Dystonia due to pathogenic variants in the THAP1 gene (DYT-THAP1) shows variable expressivity and reduced penetrance of ~ 50%. Since THAP1 encodes a transcription factor, modifiers influencing this variability likely operate at the gene expression level. This study aimed to assess the transferability of differentially expressed genes (DEGs) in neuronal cells related to pathogenic variants in the THAP1 gene, which were previously identified by transcriptome analyses. For this, we performed quantitative (qPCR) and Digital PCR (dPCR) in cultured fibroblasts. RNA was extracted from THAP1 manifesting (MMCs) and non-manifesting mutation carriers (NMCs) as well as from healthy controls. The expression profiles of ten of 14 known neuronal DEGs demonstrated differences in fibroblasts between these three groups. This included transcription factors and targets (ATF4, CLN3, EIF2A, RRM1, YY1), genes involved in G protein-coupled receptor signaling (BDKRB2, LPAR1), and a gene linked to apoptosis and DNA replication/repair (CRADD), which all showed higher expression levels in MMCs and NMCs than in controls. Moreover, the analysis of genes linked to neurological disorders (STXBP1, TOR1A) unveiled differences in expression patterns between MMCs and controls. Notably, the genes CUEDC2, DRD4, ECH1, and SIX2 were not statistically significantly differentially expressed in fibroblast cultures. With > 70% of the tested genes being DEGs also in fibroblasts, fibroblasts seem to be a suitable model for DYT-THAP1 research despite some restrictions. Furthermore, at least some of these DEGs may potentially also serve as biomarkers of DYT-THAP1 and influence its penetrance and expressivity.

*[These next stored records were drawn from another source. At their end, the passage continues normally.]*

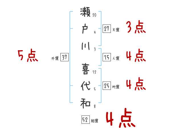 外運![]() | 瀬戸川喜代和さんの外運は37画の5つ星!努力家で順応性に優れる。現実的な考え方ができ忠実に物事をこなす。 生活面を象徴する運勢です。外部から受ける影響力を表し、結婚運、家庭運や職場、環境への順応性を表します。 |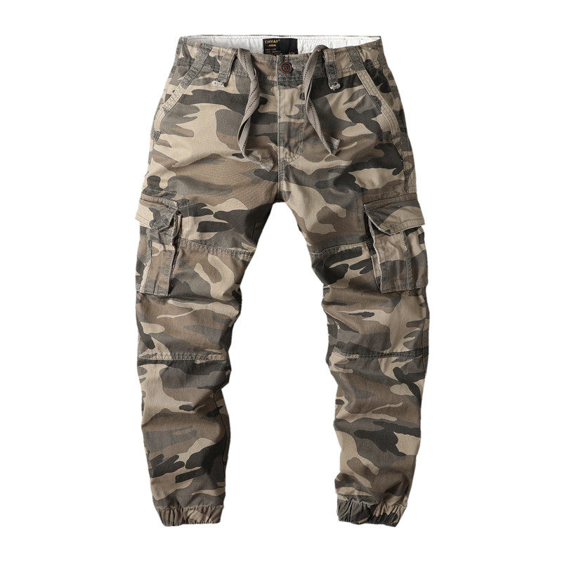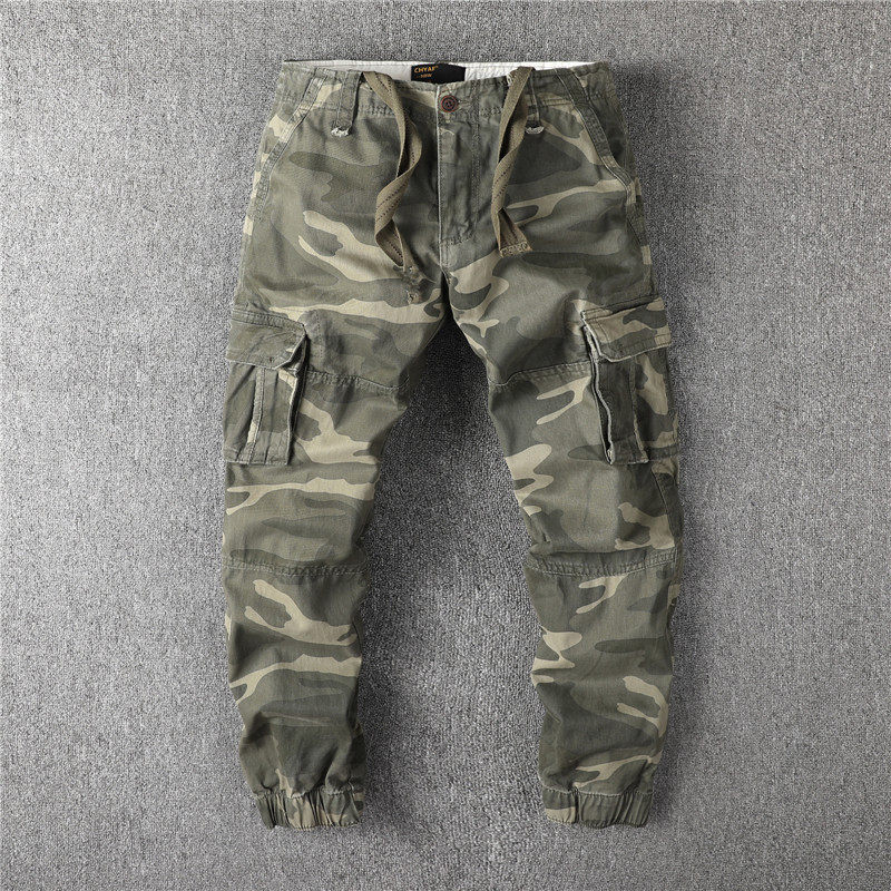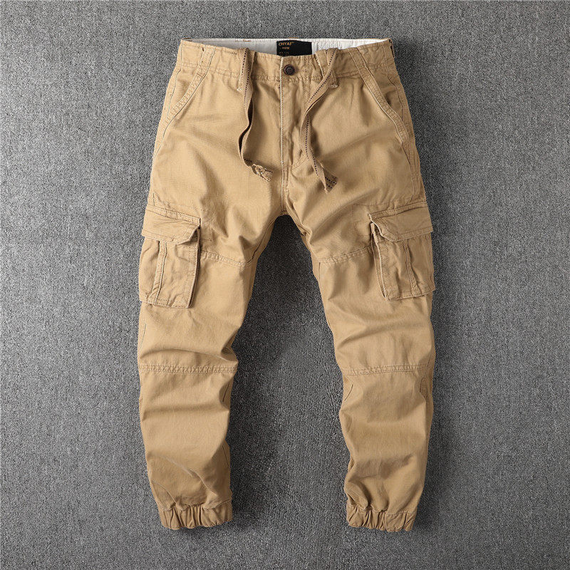 Autumn and winter cotton thick men's military uniform loose small foot workwear multi-pocket pants corset legs closed long pants Harlan pants men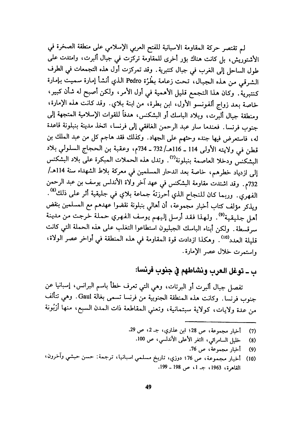 ويذكر مؤلف كتاب أخبار مجموعة، أن أهالي بنبلونة نقضوا عهدهم مع المسلمين بنقض أهل جليقية (¬9). ولهذا فقد أرسل إليهم يوسف الفهري حملة خرجت من مدينة سرقسطة. ولكن أبناء الباسك الجبليون استطاعوا التغلب على هذه الحملة التي كانت قليلة العدد (¬10). وهكذا ازدادت قوة المقاومة في هذه المنطقة في أواخر عصر الولاة، واستمرت خلال عصر الإمارة.
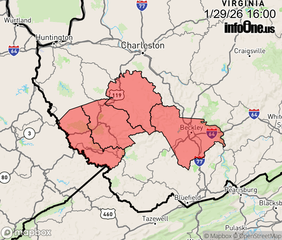 Canceled 1/29/26 11:22 PM Winter Weather Advisory issued January 29 at 4:00PM EST until January 31 at 10:00PM EST by NWS Charleston WV * WHAT... Snow expected. Total snow accumulations between 2 and 4 inches. * WHERE... Northwest Raleigh, Boone, Logan, and Mingo Counties. * WHEN... From 7 AM Friday to 10 PM EST Saturday. * IMPACTS... Plan on slippery road conditions. The hazardous conditions could impact the Friday morning and evening commutes. ![]() |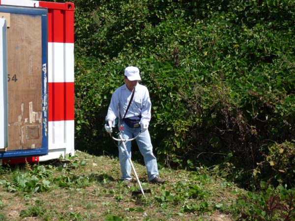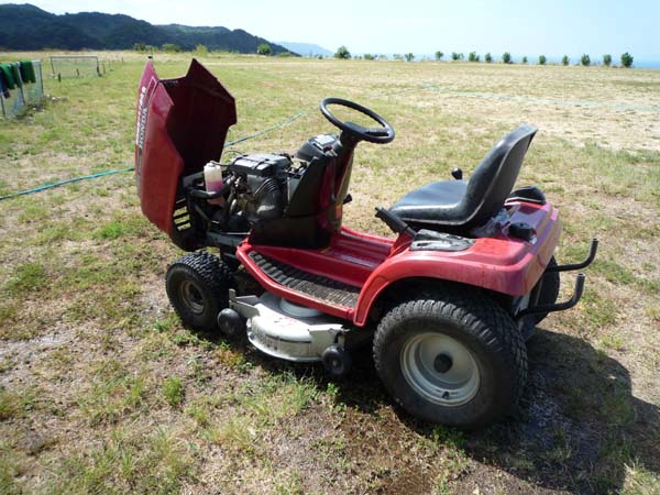 メンバーは岡田さん、橋本実さん、山本で、天候は晴れ、台風への吹き込みか涼しい北の風が斜面に沿って強く吹き上げ、冬の景色を思わせる海の色とともに、季節の移り変わりが確実に進んでいることを実感しました。 心配された芝ですが、先週末に降った雨のお陰か、かなり復活していました。また、飛行場西側の草地は全く問題なく青々としていました。 問題のポンプですが、水がほぼ満水状態でしたので問題なく散水することができました。ただ飛行場の端近くまではかなりの距離になりますのでホースの弱いところが外れて水漏れしたり、かなり苦労しました。 芝刈り機もこれまでずいぶん活躍してくれましたので、水を使ってたまったゴミ、埃を洗い流しましたが、あちこちメンテしなければならなくなってきたようです。 まず、パーキングブレーキのケーブルが切れているようで修理の必要があります。また、バッテリーの端子が青白く錆びてましたので橋本さんが清掃、CRCで処置をしてくれました。 替え刃は前回取り外したものを岡田さんに渡し、値段見合いですがそんなに高くなければ3セットほど買ってくれるようお願いしておきました。 涼しくなってきましたので、一度ゆっくりと点検整備しなければなりませんね。寒くなるとつらいですから。 それでは当日の様子を画像でご覧ください。 |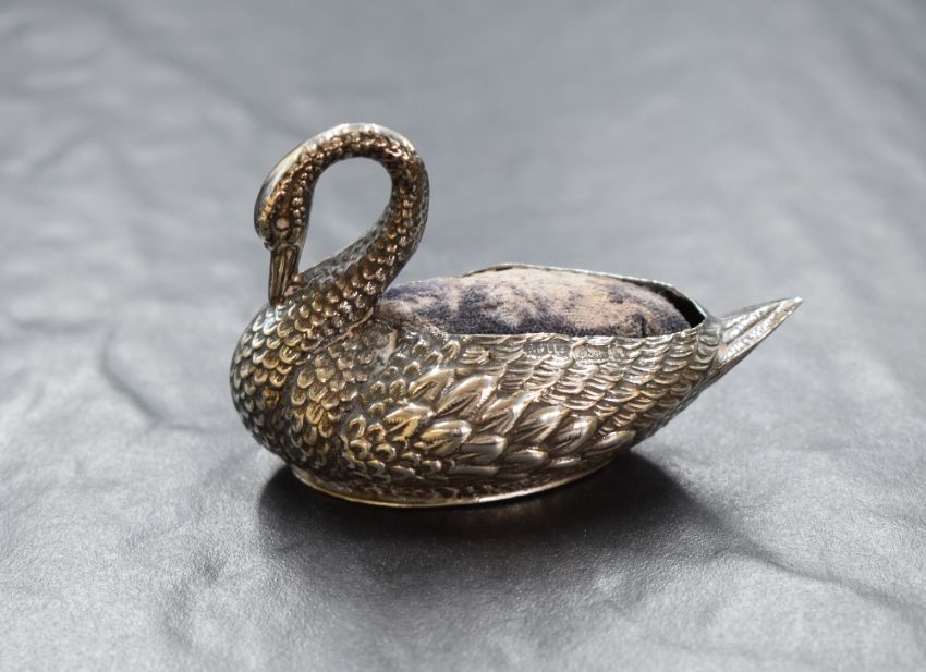 An Edwardian silver novelty pin cushion, modelled as a swan having dark fabric to the back, marks for Birmingham 1907, maker Adie & Lovekin Ltd, 8cm, 19.5g. Wear and damage to the fabric to the back.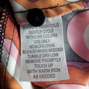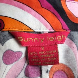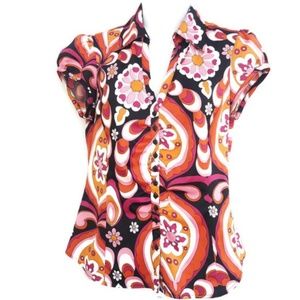 Sunny Leigh Top Button Front Hippie Psychedelic Groovy Bold Stretch. Black Button Front with Pointed Collar. Puffy Cap Sleeves. Pink Red Black Orange White. Machine Wash. Tagged size S.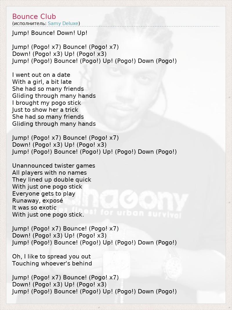Прыжок! Отскок! Вниз! Вверх! Прыжок! (Пого! x7) Отскок! (Пого! x7) Вниз! (Пого! x3) Вверх! (Пого! x3) Прыжок! (Пого!) Отскок! (Пого!) Вверх! (Пого!) Вниз! (Пого!) Я вышел на свидание C девушкой c небольшим опозданием. У неё было так много друзей (Она прошла через много рук) Я принёс свою пого-стик*, Просто чтобы показать ей трюк. У неё было так много друзей (Она прошла через много рук) Прыжок! (Пого! x7) Отскок! (Пого! x7) Вниз! (Пого! x3) Вверх! (Пого! x3) Прыжок! (Пого!) Отскок! (Пого!) Вверх! (Пого!) Вниз! (Пого!) Никем не объявленная игра в твистер**: Все безымянные игроки С двойной скоростью выстроились в очередь С одной только пого-стик. Все начали играть, Теряя самоконтроль, выставляясь напоказ. Это было так экзотично! С одной только пого-стик... Прыжок! (Пого! x7) Отскок! (Пого! x7) Вниз! (Пого! x3) Вверх! (Пого! x3) Прыжок! (Пого!) Отскок! (Пого!) Вверх! (Пого!) Вниз! (Пого!) О, как я люблю раздвигать тебе ноги, Касаясь того, кто сзади... Прыжок! (Пого! x7) Отскок! (Пого! x7) Вниз! (Пого! x3) Вверх! (Пого! x3) Прыжок! (Пого!) Отскок! (Пого!) Вверх! (Пого!) Вниз! (Пого!) *Пого-стик - устройство, состоящее из пружины, ручки, педалей и основной платформы. Соответственно смысл этого агрегата состоит в прыжке. Человек надавливает ногами на пружину и она отталкивает его вверх ** - подвижная игра на мате с цветными кругами.

THAP1基因 (DYT-THAP1)致病性变异导致的肌张力障碍表现出可变的表达性和约 50% 的外显率降低。由于THAP1编码转录因子，影响这种变异性的修饰因子可能在基因表达水平上起作用。本研究旨在评估与THAP1基因致病变异相关的神经元细胞中差异表达基因 (DEG) 的可转移性，这些变异先前已通过转录组分析鉴定。为此，我们在培养的成纤维细胞中进行了定量 (qPCR) 和数字 PCR (dPCR)。从 THAP1 显性突变携带者 (MMC) 和非显性突变携带者 (NMC) 以及健康对照中提取 RNA。14 个已知神经元 DEG 中的 10 个的表达谱证明了这三组之间成纤维细胞的差异。这包括转录因子和靶标（ATF4、CLN3、EIF2A 、 RRM1 、 YY1）、参与 G 蛋白偶联受体信号传导的基因（BDKRB2 、 LPAR1）以及与细胞凋亡和 DNA 复制/修复相关的基因（CRADD）， MMC 和 NMC 中的表达水平高于对照。此外，对与神经系统疾病相关的基因（ STXBP1、TOR1A ）的分析揭示了 MMC 和对照之间表达模式的差异。值得注意的是，基因CUEDC2、DRD4、ECH1和SIX2在成纤维细胞培养物中没有统计学上显着的差异表达。由于 > 70% 的测试基因也是成纤维细胞中的 DEG，因此成纤维细胞似乎是 DYT-THAP1 研究的合适模型，尽管存在一些限制。此外，至少其中一些 DEG 也可能作为 DYT-THAP1 的生物标志物并影响其外显率和表达性。